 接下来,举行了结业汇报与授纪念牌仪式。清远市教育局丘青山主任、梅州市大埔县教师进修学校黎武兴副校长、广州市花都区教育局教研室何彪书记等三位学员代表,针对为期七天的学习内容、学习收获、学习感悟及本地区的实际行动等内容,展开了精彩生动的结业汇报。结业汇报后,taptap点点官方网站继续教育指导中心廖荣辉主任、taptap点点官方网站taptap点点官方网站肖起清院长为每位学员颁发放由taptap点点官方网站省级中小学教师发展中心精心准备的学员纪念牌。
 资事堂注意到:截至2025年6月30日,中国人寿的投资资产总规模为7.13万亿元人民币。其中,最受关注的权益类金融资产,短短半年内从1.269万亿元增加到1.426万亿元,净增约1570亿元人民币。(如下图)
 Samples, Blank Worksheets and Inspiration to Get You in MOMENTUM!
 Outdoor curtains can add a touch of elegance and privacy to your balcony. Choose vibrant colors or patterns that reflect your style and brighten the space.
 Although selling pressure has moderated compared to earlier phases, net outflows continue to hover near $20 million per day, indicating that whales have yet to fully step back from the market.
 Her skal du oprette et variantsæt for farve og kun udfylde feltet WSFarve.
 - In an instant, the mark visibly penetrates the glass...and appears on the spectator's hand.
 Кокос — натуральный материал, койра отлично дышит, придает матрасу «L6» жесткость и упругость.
________________
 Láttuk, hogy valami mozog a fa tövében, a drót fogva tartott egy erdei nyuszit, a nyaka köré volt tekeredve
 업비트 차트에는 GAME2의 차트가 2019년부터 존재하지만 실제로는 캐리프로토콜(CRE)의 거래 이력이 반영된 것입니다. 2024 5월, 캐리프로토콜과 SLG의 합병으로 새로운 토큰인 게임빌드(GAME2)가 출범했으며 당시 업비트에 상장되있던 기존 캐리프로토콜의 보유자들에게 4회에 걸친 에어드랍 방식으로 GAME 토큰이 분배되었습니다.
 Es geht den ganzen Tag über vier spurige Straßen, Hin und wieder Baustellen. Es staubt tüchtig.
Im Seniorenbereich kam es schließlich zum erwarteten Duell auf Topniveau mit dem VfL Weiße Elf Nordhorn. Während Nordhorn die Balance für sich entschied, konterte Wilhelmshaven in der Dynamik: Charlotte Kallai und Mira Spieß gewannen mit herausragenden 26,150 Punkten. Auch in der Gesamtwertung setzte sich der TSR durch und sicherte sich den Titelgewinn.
________________
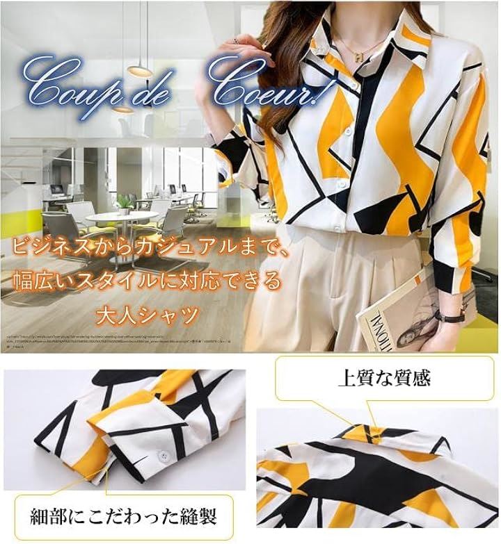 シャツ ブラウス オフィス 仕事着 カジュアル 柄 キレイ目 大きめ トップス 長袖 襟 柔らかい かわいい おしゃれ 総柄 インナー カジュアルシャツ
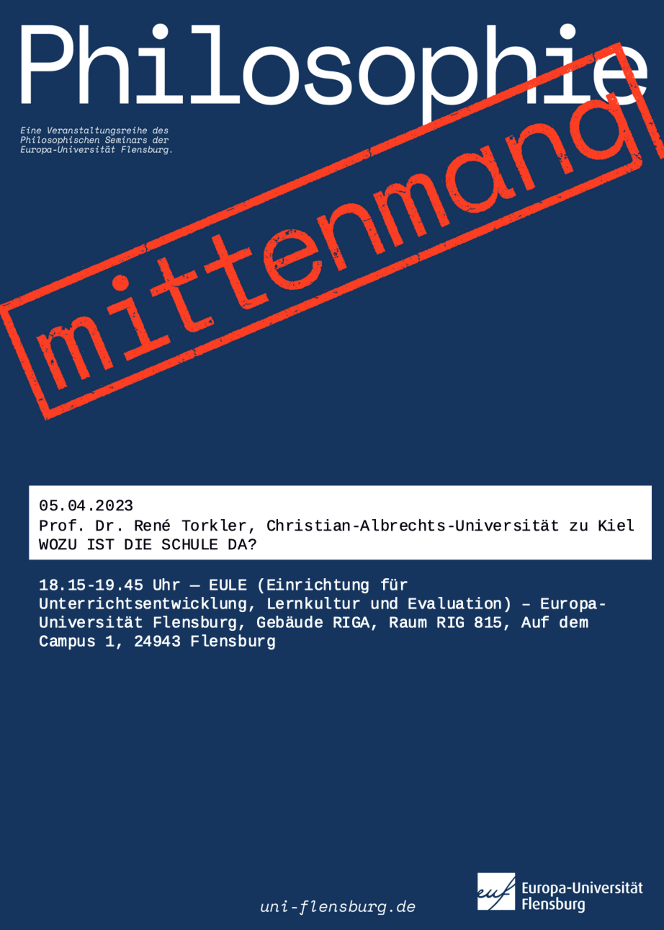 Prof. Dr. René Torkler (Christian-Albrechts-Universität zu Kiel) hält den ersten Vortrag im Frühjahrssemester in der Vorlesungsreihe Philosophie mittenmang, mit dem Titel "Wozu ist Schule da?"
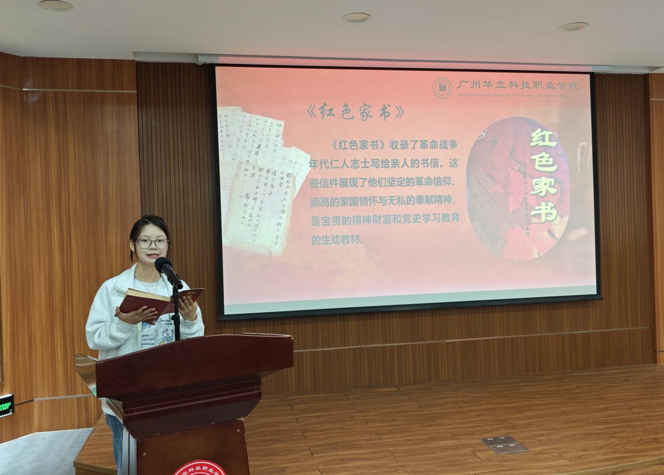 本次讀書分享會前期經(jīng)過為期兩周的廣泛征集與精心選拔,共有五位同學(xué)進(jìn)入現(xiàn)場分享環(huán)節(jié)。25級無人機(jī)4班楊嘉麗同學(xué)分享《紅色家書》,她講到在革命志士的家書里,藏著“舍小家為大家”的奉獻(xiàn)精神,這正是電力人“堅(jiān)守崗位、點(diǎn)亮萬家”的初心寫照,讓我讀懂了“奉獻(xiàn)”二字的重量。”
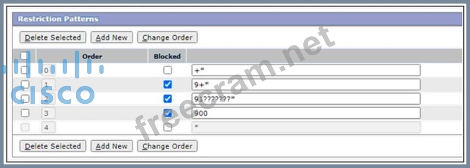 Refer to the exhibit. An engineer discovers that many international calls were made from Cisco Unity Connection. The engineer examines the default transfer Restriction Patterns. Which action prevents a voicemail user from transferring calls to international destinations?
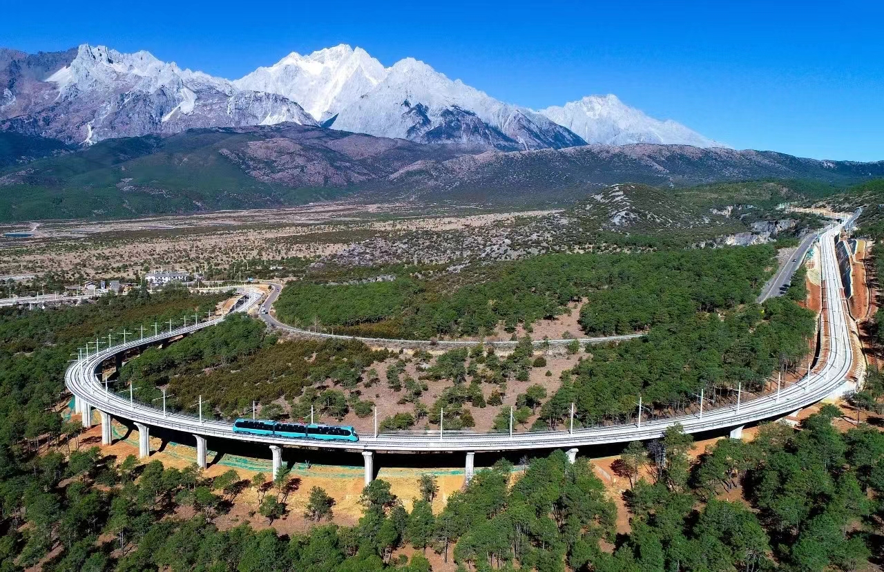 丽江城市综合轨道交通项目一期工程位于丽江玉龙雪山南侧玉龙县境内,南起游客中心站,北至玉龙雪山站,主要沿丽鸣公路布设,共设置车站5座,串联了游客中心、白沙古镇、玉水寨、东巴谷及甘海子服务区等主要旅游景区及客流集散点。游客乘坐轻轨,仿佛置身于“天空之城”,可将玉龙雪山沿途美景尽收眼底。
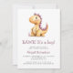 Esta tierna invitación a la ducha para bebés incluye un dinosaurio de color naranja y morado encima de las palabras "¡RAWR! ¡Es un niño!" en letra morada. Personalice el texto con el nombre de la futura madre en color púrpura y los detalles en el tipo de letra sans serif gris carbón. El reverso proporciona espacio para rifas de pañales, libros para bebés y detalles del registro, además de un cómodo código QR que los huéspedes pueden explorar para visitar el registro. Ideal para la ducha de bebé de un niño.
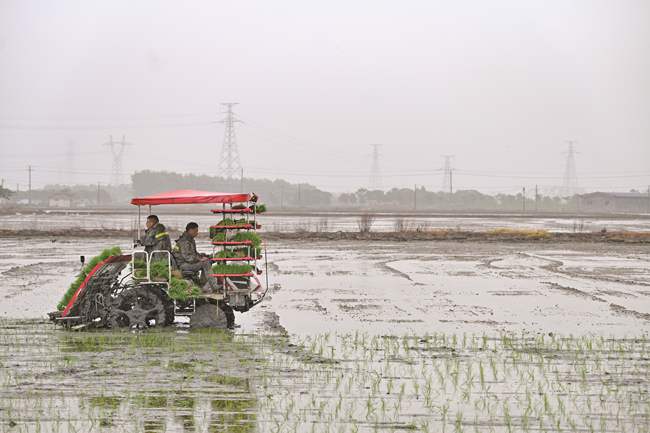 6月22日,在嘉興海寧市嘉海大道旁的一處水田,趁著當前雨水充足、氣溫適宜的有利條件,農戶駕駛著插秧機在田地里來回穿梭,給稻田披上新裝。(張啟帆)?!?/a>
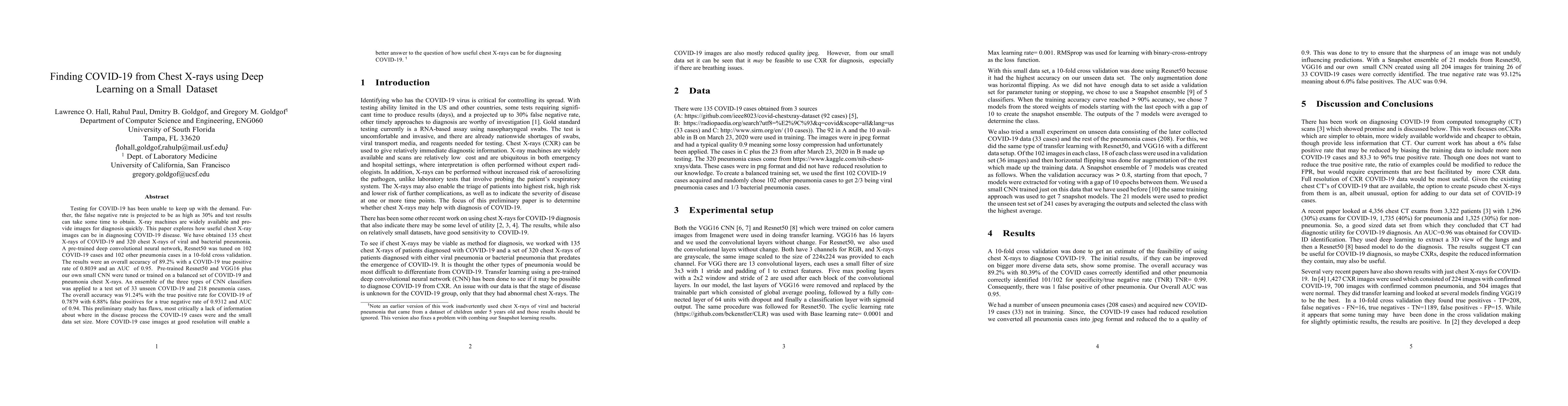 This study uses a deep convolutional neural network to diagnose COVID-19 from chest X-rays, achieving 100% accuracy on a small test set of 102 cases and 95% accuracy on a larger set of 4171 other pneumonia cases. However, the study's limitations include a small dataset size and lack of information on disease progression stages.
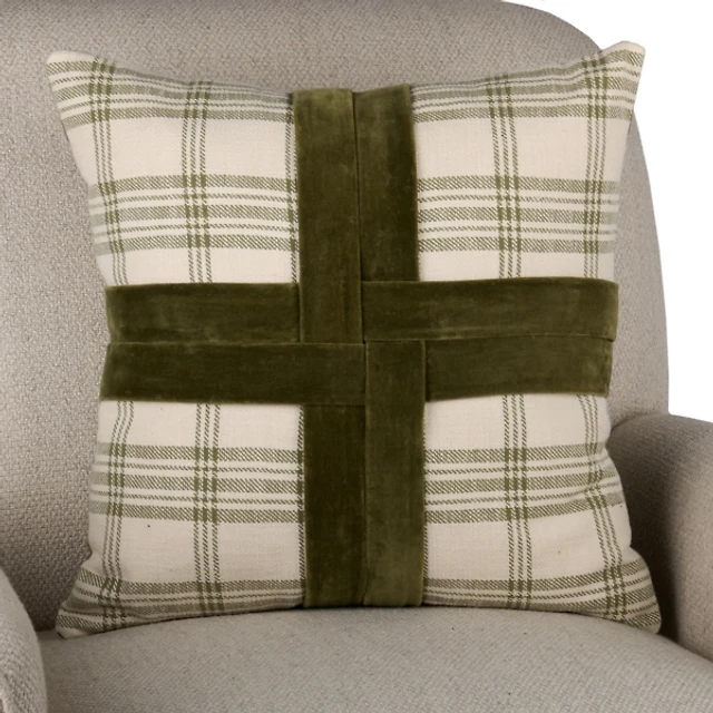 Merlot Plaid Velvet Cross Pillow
________________
**TASK**
Starting at the line above that contains "Samples, Blank Worksheets", write out each line exactly until the line that contains "Кокос — натуральный" has been written, and stop there.

**SOLUTION TO THE PROBLEM**
 Samples, Blank Worksheets and Inspiration to Get You in MOMENTUM!
 Outdoor curtains can add a touch of elegance and privacy to your balcony. Choose vibrant colors or patterns that reflect your style and brighten the space.
 Although selling pressure has moderated compared to earlier phases, net outflows continue to hover near $20 million per day, indicating that whales have yet to fully step back from the market.
 Her skal du oprette et variantsæt for farve og kun udfylde feltet WSFarve.
 - In an instant, the mark visibly penetrates the glass...and appears on the spectator's hand.
 Кокос — натуральный материал, койра отлично дышит, придает матрасу «L6» жесткость и упругость.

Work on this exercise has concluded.